(exceptionally mild spoilers for Jurassic World Dominion, a movie I myself have not seen, follow)
In the latest Jurassic World movie, genetically-modified dinosaurs – having escaped the island – are sold at a black market bazaar to depraved billionaires who want to gamble on them, eat them, or use them as weapons. The bazaar is coded as being Middle Eastern – it’s even graded with the “yellow filter” that Hollywood often uses to make non-Western countries seem dirtier and more threatening – but, technically, it’s not. It is, according to the script, in Malta.

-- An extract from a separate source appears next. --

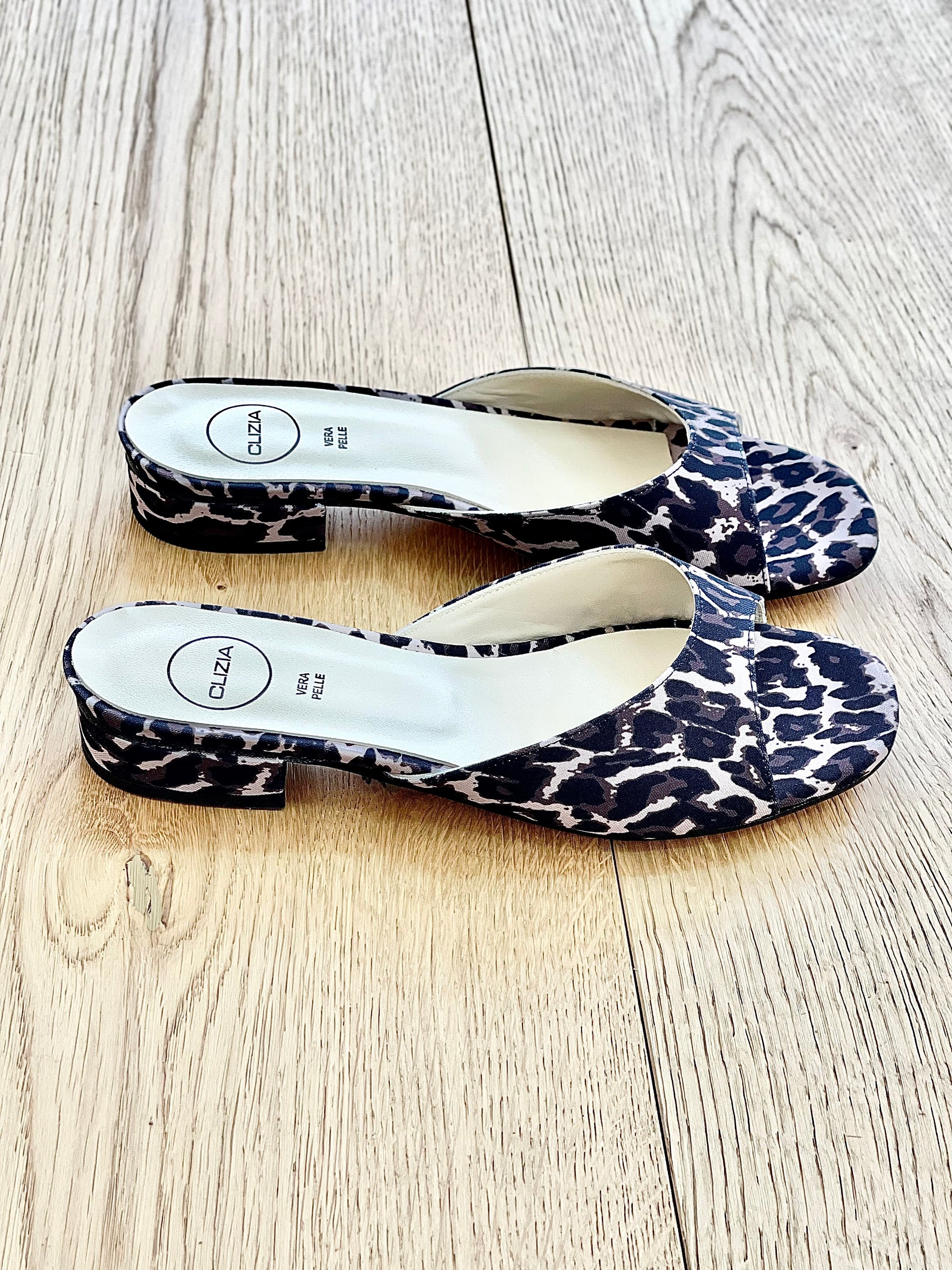 Mules basses sandales animalier talon 2cm.
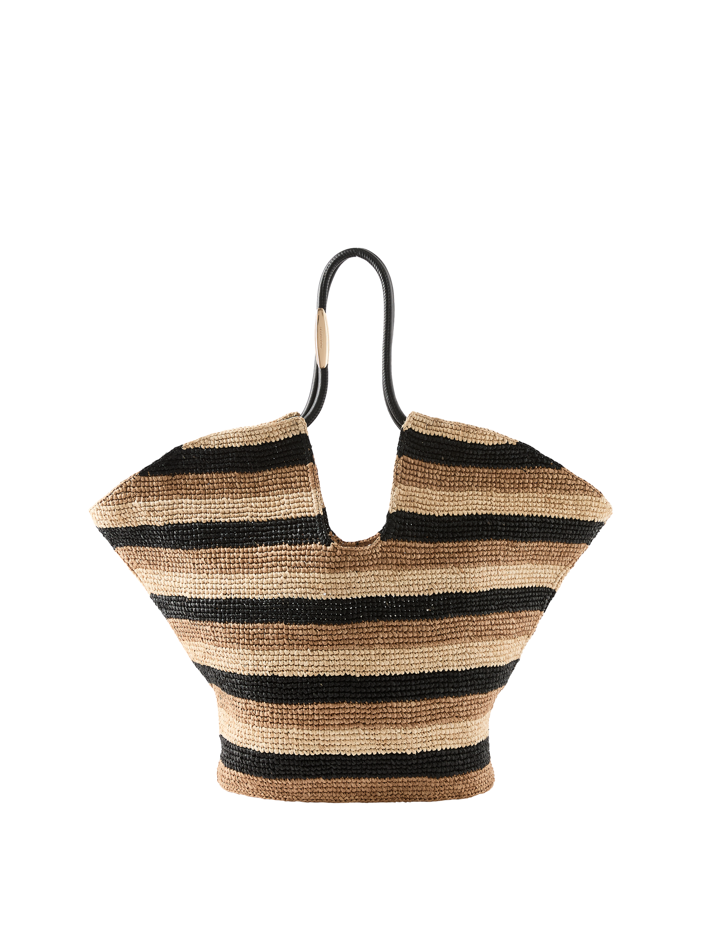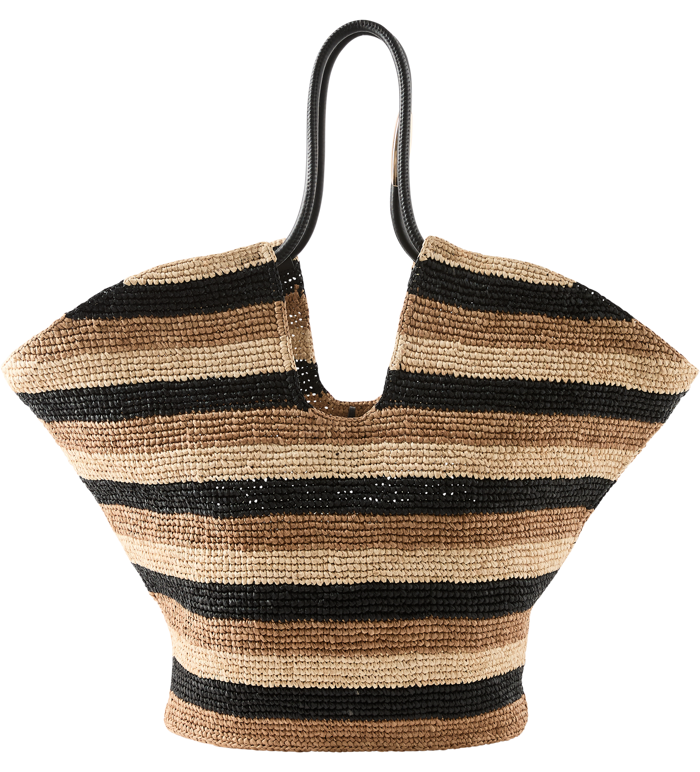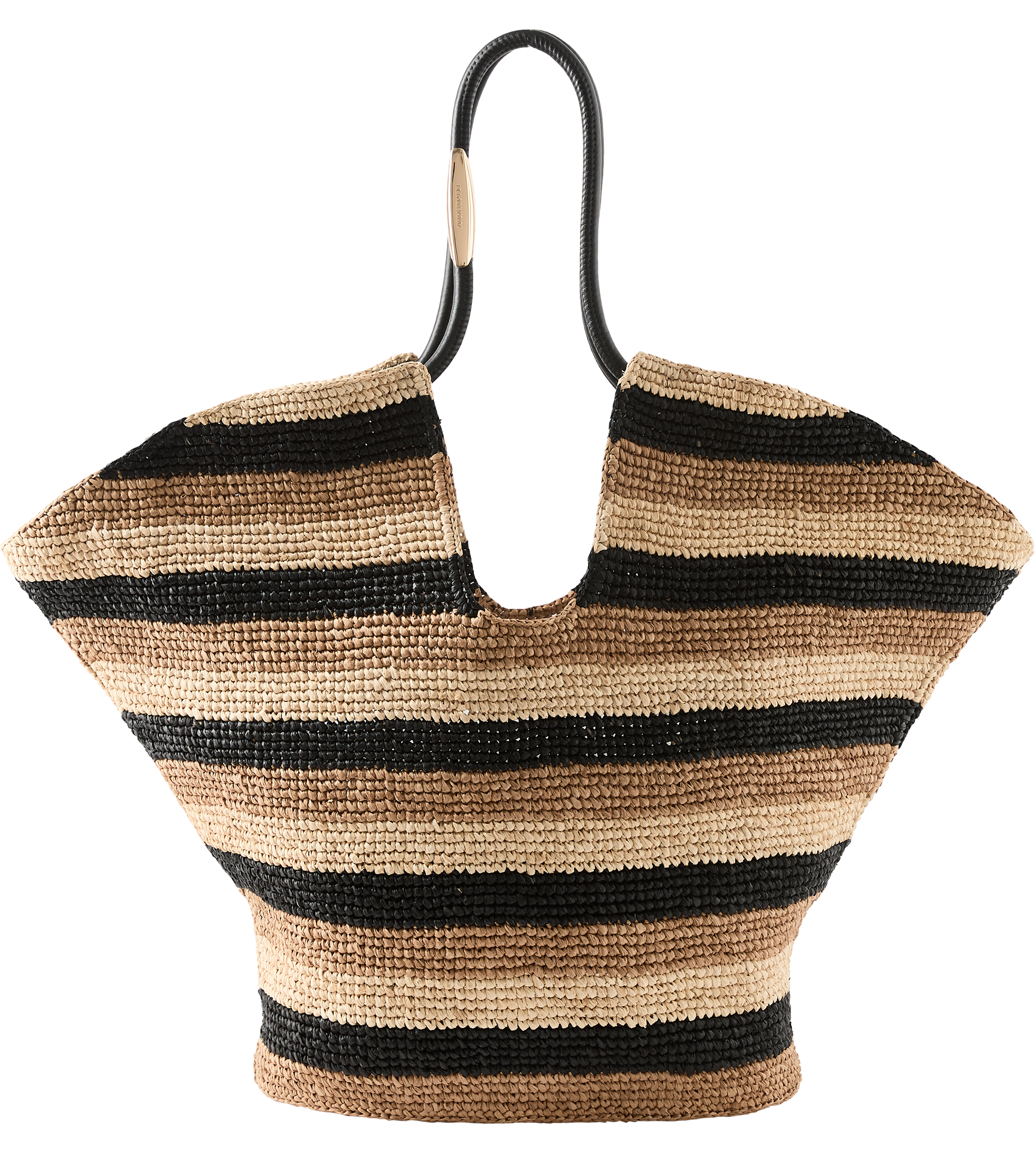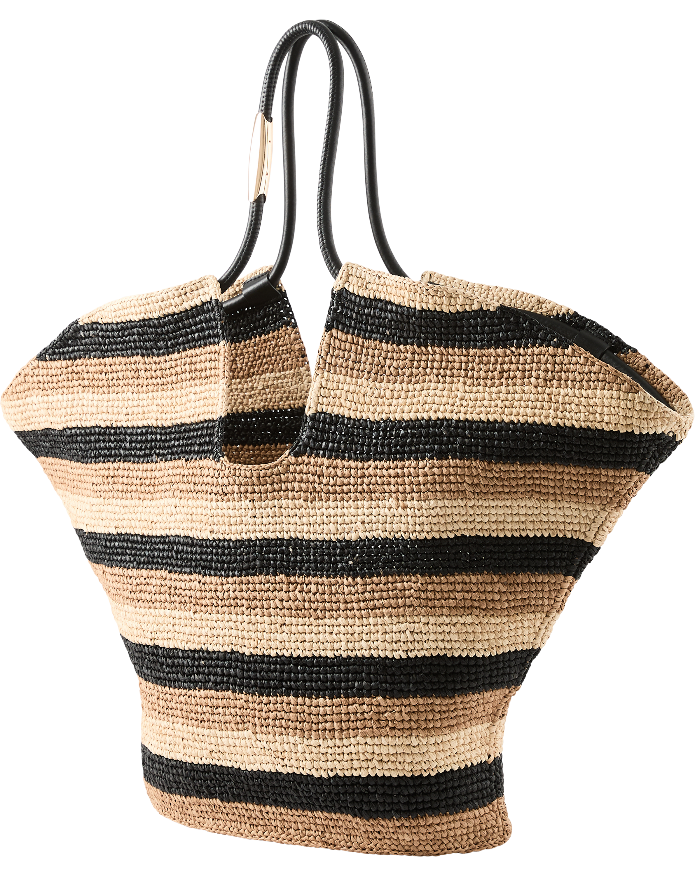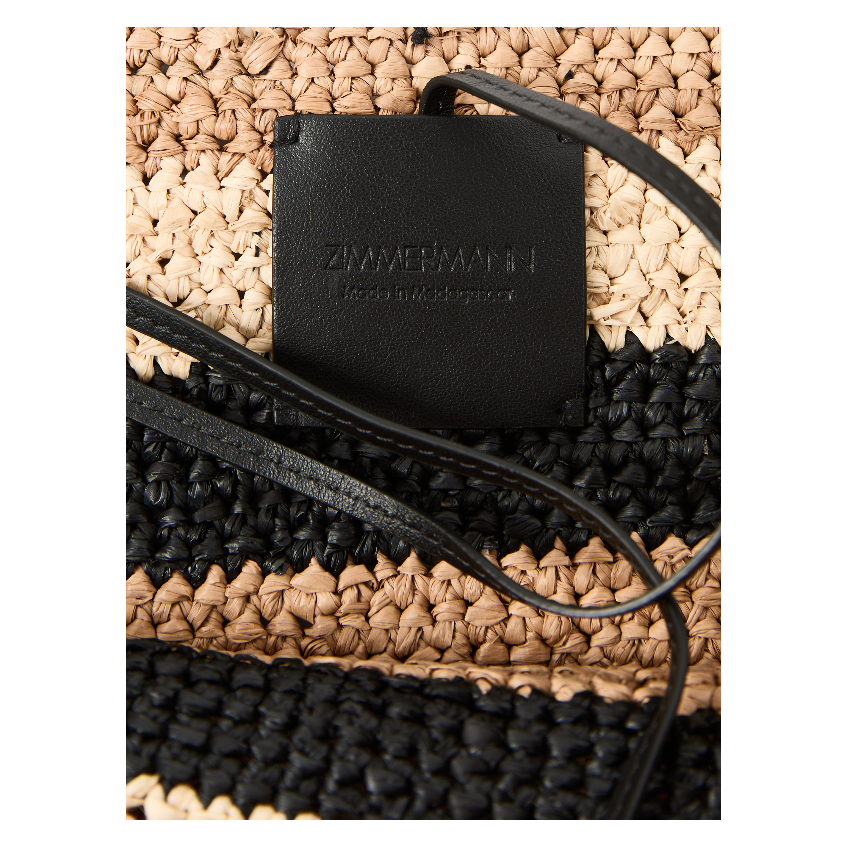 Die Handtasche 'Goldentime Large Tote' von Zimmermann in Beige wurde aus weichem, handgewebtem Bast gefertigt und besticht durch das gehäkelte Streifenmuster. Der Verschluss aus Lederbändern sowie die röhrenförmigen Lederhenkel setzen stilvolle Akzente. Die Tasche kann sowohl als Schulter- als auch als Handtasche getragen werden.

Malta is an interesting country – a small Mediterranean island between Libya and Italy, speaking a language that is closely related to Arabic but with a vocabulary borrowing heavily from Italian/Sicilian (Maltese is the only semitic language written in the Latin alphabet) – but what Hollywood cares about here is that it has some of the aesthetic trappings of the Arab world while being European and majority white, meaning that if anyone says “Wasn’t that bazaar scene a bit racist?” they can say “Uh, nuh uh, this just a white European bazaar”.
But this got me thinking: if you wanted to smuggle dinosaurs into Europe (meaning in this case, primarily the EU, plus the UK and Switzerland), how would you do it? What would be the best place to set up your military-grade dino dealing fair? Here is every microstate, dependency and special territory (outlying bits of EU countries where customs and some other bits of EU law don’t apply), ranked by how good a place it would be for a Jurassic black market.
Properties they are scored by include:
- Geography: Is it isolated enough to keep dinosaurs hidden and stop them escaping? Islands a big plus.
- Climate: Is it warm enough for dinosaurs, which are generally shown to prefer tropical environments?
- Politics: Could the government turn a blind eye to a dinosaur market?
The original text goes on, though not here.